- MATERIAL PROVIDED -
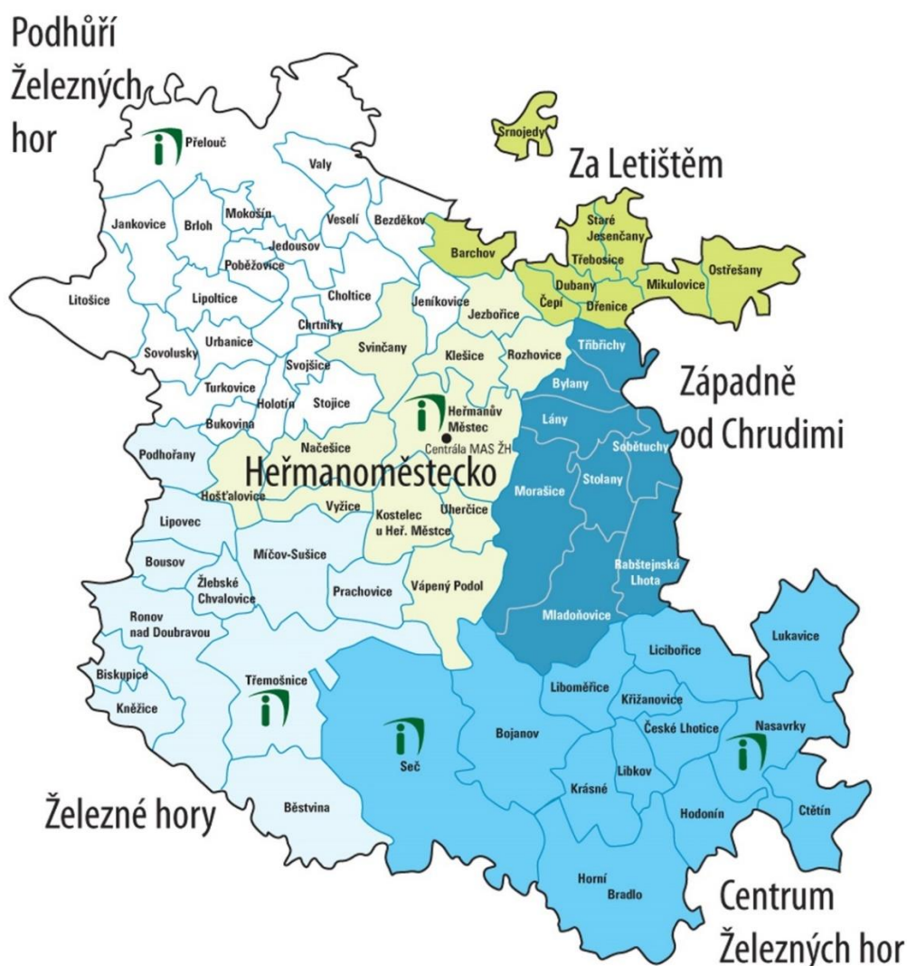
Obrázek 3 Území MAS Železnohorský region s dobrovolnými svazky obcí (DSO)

MAS Železnohorský region (MAS ŽR) byla založena v roce 2005 s právním statutem občanského sdružení. Od roku 2015 je MAS ŽR zapsaným spolkem. Sídlo MAS ŽR je v Multifunkční budově (kde sídlí také Informační centrum) v Heřmanově Městci. V současné době se území MAS ŽR rozkládá na území 6 svazků obcí (Heřmanoměstecko, Centrum Železných hor, Podhůří Železných hor, Za Letištěm, Západně od Chrudimi a Železné hory) a 1 obce Licibořice (viz níže mapa MAS Železnohorský region s dobrovolnými svazky obcí). Území má celkem 72 obcí a celkově kolem 45 tisíc obyvatel – z nichž na území ORP Přelouč se jedná o počet obyvatel 11 387, což představuje 44 % všech obyvatel ORP Přelouč (celé ORP Přelouč má celkem 25 990 obyvatel k 31. 12. 2020).
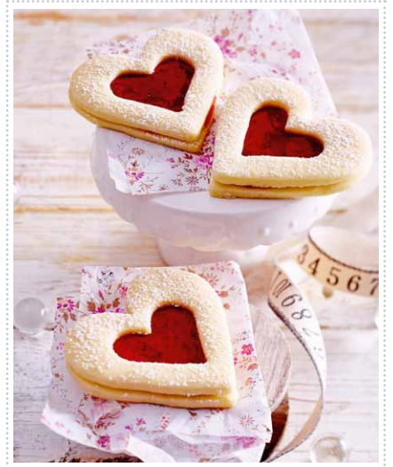
Gefüllte Herzen Heft 11 Seite 27
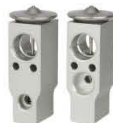
RG-58205 RCH6204 丰田花冠 TOYOTA COROLLA 447500-9081
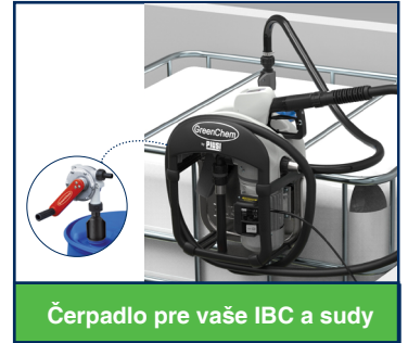
Čerpadlo pre vaše IBC a sudy
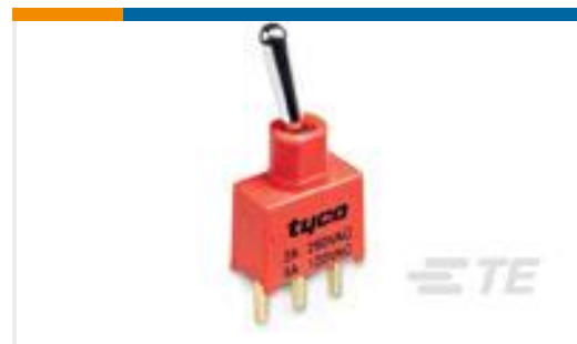
TE 产品编号2-1825143-2 AE205SD1CQ04
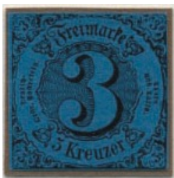
3 Kreuzer, Katalog Nr. 8

Die 5 Ausgaben (Emissionen) wurden in 14 Auflagen hergestellt. Die 1. Ausgabe mit zwei Erganzungswerten, Mi.-Nr. 1. bis 12., wurde
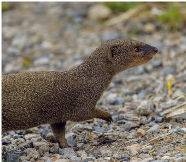
Petite mangouste indienne

Pour accompagner ce réseau d'acteurs, un centre de ressources spécifique a été mis en place par l'OFB et l'Union internationale pour la conservation de la nature (UICN): http://especes-exotiques-envahissantes.fr
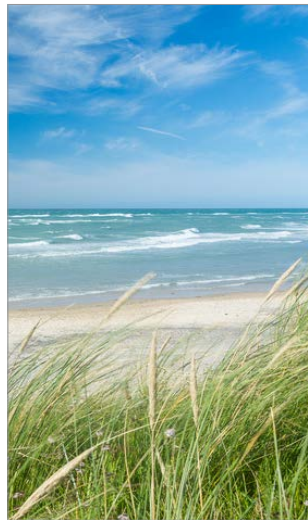
Im Norden ist das Meer.

Im Norden Deutschlands liegen die Nordsee und die Ostsee. Dort gibt es tolle Strände und Inseln. Deutschland hat unterschiedliche Landschaften: flache Gebiete mit Wiesen und Feldern, große Wälder und die Mittelgebirge . Wir haben große Seen und lange Flüsse, zum Beispiel den Rhein und die Elbe. Im Süden liegen die Alpen. In dem Gebirge ist auch der höchste Berg, die Zugspitze.
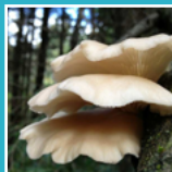
Oesterzwam ( Pleurotus ostreatus )
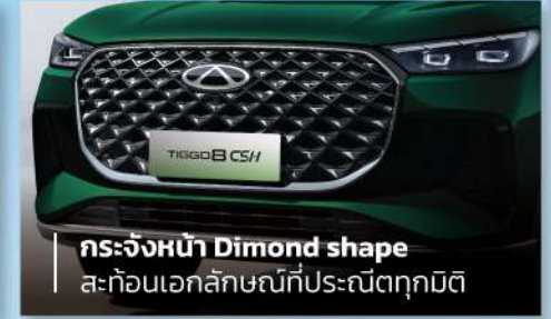
กระจังหน้า Diamond shape สะท้อนเอกลักษณ์ที่ประณีตทุกมิติ
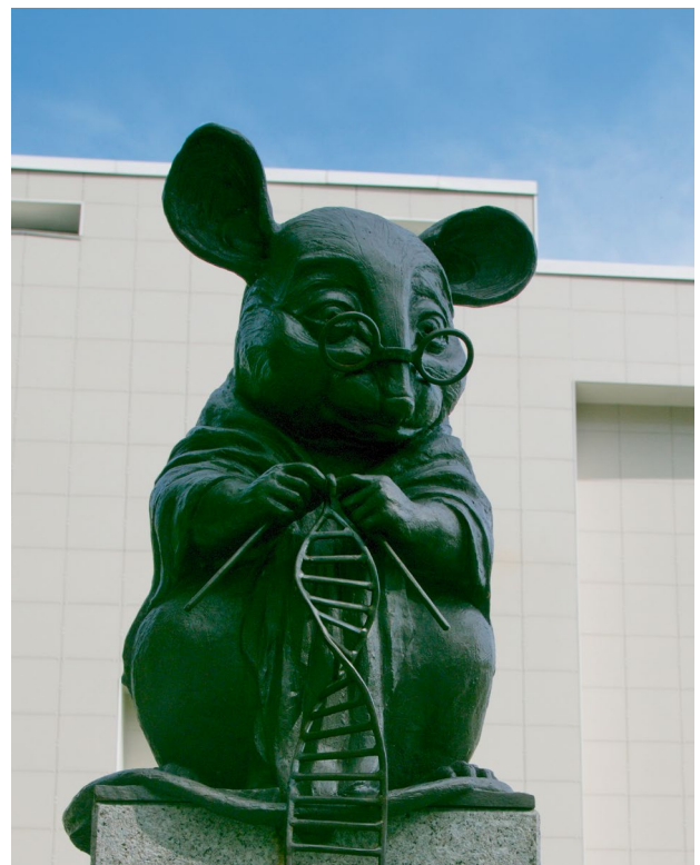
Whakamaharatanga ki ngā kararehe taiwhanga pūtaiao.

Nā runga i te piki haere o te māharahara ki tā te tangata tiaki i ngā kararehe, inarā, te tiaki i ngā kararehe i ngā whenua e kaha nei te ahumahi, i hua ai te pekanga o te matatika kararehe, e tūhono nei i te pūtaiao me te tautake. E rua ngā ara matua o ngā ariā e hāngai ana ki ngā matatika kararehe, arā, ko te ara o te whakakotahi me te ara o te tūhonohono, e rehurehu nei ngā roherohenga i waenganui i ngā mea e rua.
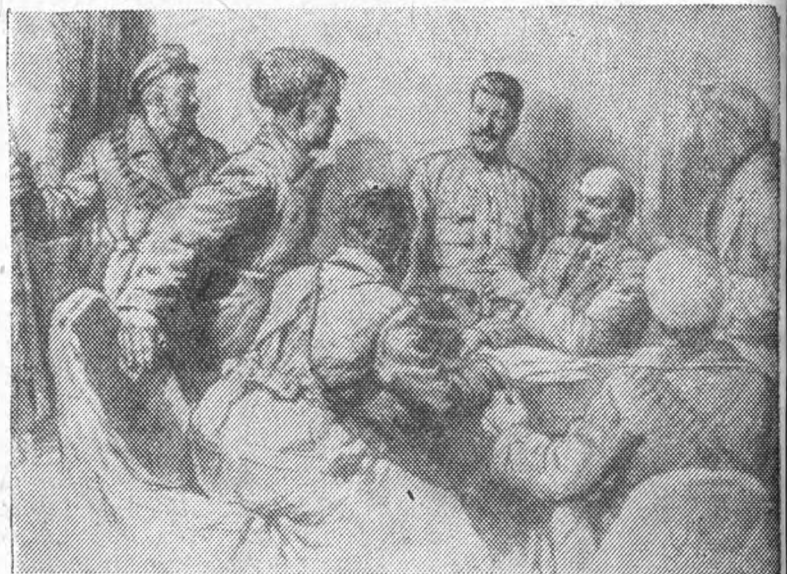
„В. И. Ленин и И. В. Сталин в Смольном“ (рисунок худ. Ю. Непринцева)

большевиков, стал боевым штабом революции, откуда шли боевые приказы.
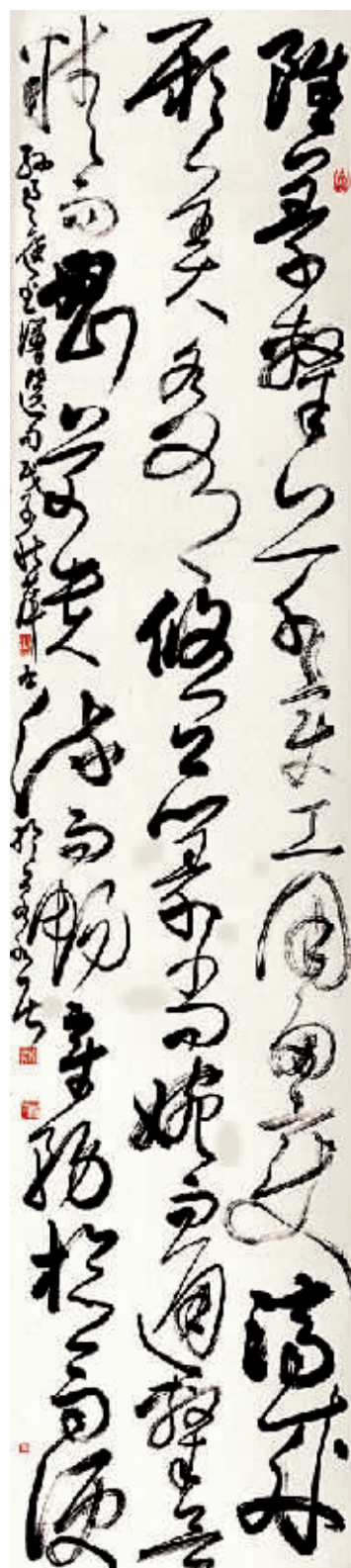
◎孙过庭谱句草书立轴

书法家在宣纸上创作时，凭借的是平时对书法理性的严格训练，而在宣纸上挥洒的一瞬间，只能是潜意识地控制毛笔运行速度和距离。手握毛笔，根据笔锋触纸的感觉不同来调整笔锋的距离，任心灵驰骋，任笔锋跃动，在笔锋尽情的飞舞中呈现毛笔滑行的速度，镌刻在宣纸上的是点画墨色的浓、淡、枯、润。不同的笔锋距离则表现规定动作提按、顿挫、使转的轻、重、缓、急、开、合、向、背，这些规定动作表现的细微差异形成了汉字不同的造型态势，不同的造型态势表现着书法家不同的智性、功力、性情和艺术修养及审美追求。
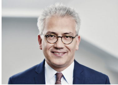
Tarek Al-Wazir Hessischer Minister für Wirtschaft, Energie, Verkehr und Wohnen

Die Energiewende ist eine enorme Aufgabe mit enormen Chancen – für das Weltklima, für eine verlässliche und dauerhaft bezahlbare Energieversorgung, für eine nachhaltige Stärkung des Wirtschaftsstandorts Hessen. Zu ihren Herausforderungen zählt die Integration der erneuerbaren Energien in die bestehende Infrastruktur. Die Wasserstoff- und Brennstoffzellen-Technologie bietet eine Möglichkeit, als Puffer für Stromüberschüsse eine schwankende Erzeugung mit den Zyklen des Verbrauchs in Einklang zu bringen. Zahlreiche Modellprojekte zeigen, dass die Technik erprobt ist und an der Schwelle zur Marktreife steht.
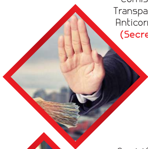
Comisión de Transparencia y Anticorrupción (Secretario)

- ASSIGNMENT -
With the pictures omitted, print precisely the lines from the one with "Tarek Al-Wazir Hessischer" to the final line of the records, both included.

- RESULT -
Tarek Al-Wazir Hessischer Minister für Wirtschaft, Energie, Verkehr und Wohnen

Die Energiewende ist eine enorme Aufgabe mit enormen Chancen – für das Weltklima, für eine verlässliche und dauerhaft bezahlbare Energieversorgung, für eine nachhaltige Stärkung des Wirtschaftsstandorts Hessen. Zu ihren Herausforderungen zählt die Integration der erneuerbaren Energien in die bestehende Infrastruktur. Die Wasserstoff- und Brennstoffzellen-Technologie bietet eine Möglichkeit, als Puffer für Stromüberschüsse eine schwankende Erzeugung mit den Zyklen des Verbrauchs in Einklang zu bringen. Zahlreiche Modellprojekte zeigen, dass die Technik erprobt ist und an der Schwelle zur Marktreife steht.
Comisión de Transparencia y Anticorrupción (Secretario)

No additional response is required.